Вместо того чтобы положить карты на стол, я развернула их веером, держа рубашкой к Катерине, и велела:

— Выбери одну. Больше нам не нужно.

Катерина спешно протянула руку, но в последний момент заколебалась. Наконец она пожала плечами, вздохнула, выдернула карту и показала мне. Повешенный!..

Я постаралась сохранить внешнее спокойствие, хотя меня захлестнула волна страха. Но ведь мне надо было предсказывать будущее перепуганной беременной женщине.

— Повешенный, — произнесла я с прохладцей. — Эту карту мы уже видели раньше. Она связана с жертвой. — Я отвернулась, не в силах вынести ее полный ужаса взгляд.

— Но что она означает? Кто-то умрет? Я?..

— Не знаю, — честно ответила я, хотя и сама испугалась за нее. — Но помни, эта жертва всегда обещает удивительную награду, ведет к великому достижению. — Я с трудом улыбнулась. — Кто знает, мадонна, может быть, жертва в том, чтобы оставить меня дома и научиться самостоятельно принимать решения.

— Ты и правда так думаешь? — шепотом спросила она.

Я кивнула. Катерина успокоилась и, явно измученная, забралась в постель. Я тоже разделась, потушила лампу и улеглась рядом с ней.

Катерина еще не спала и зашептала в темноте тоненьким голоском маленького, неуверенного в себе ребенка:

— Дея, обнимай меня, пока я не засну, ладно?

В последний раз она просила об этом в день смерти отца. Звук ее голоса напомнил мне ту до смерти испуганную девочку из собора Санто-Стефано, отца которой убили у нее на глазах.

— Ладно, — ответила я мягко.

Катерина перевернулась на бок, спиной ко мне. Преисполненная жалости, я пододвинулась к ней, лежа на том же боку, и обняла за плечи. К моей радости, минуты через три она уже спала.


За день до отъезда Джироламо и Катерины все в палаццо Риарио работали не покладая рук, собирая хозяев в многомесячное путешествие. К вечеру у меня выдалось несколько свободных минут, и я смогла увидеться с Лукой. Мы встретились в саду, и я поцеловала его на прощание.

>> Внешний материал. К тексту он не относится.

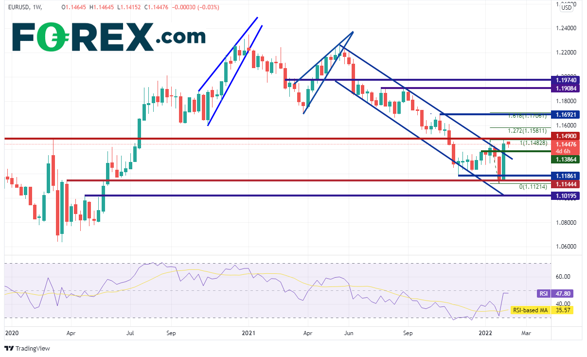 地缘政治方面,我们必须注意,欧洲深度参与了俄罗斯与乌克兰之间的谈判。法国总统Macron周一前往俄罗斯,与俄罗斯总统普京会晤,讨论从乌克兰边境撤军的问题。德国方面,Scholz前往美国,与总统拜登会晤,就当前局势展开讨论。另外,俄罗斯、乌克兰、德国和法国将在本周晚些时候就当前矛盾进行磋商。在北约深深卷入此次地缘政治危机的环境中,如果俄罗斯与乌克兰之间的关系确实恶化,欧元可能下跌。

Он хотел встретиться со мной на рассвете, чтобы как следует попрощаться, или прийти в сад ночью, но я не желала ни того ни другого. Мне нужно было попрощаться быстро, чтобы не проливать лишние слезы.

Я пожелала Луке счастливого пути и не позволила ему задержаться. Он был разочарован, но все понял.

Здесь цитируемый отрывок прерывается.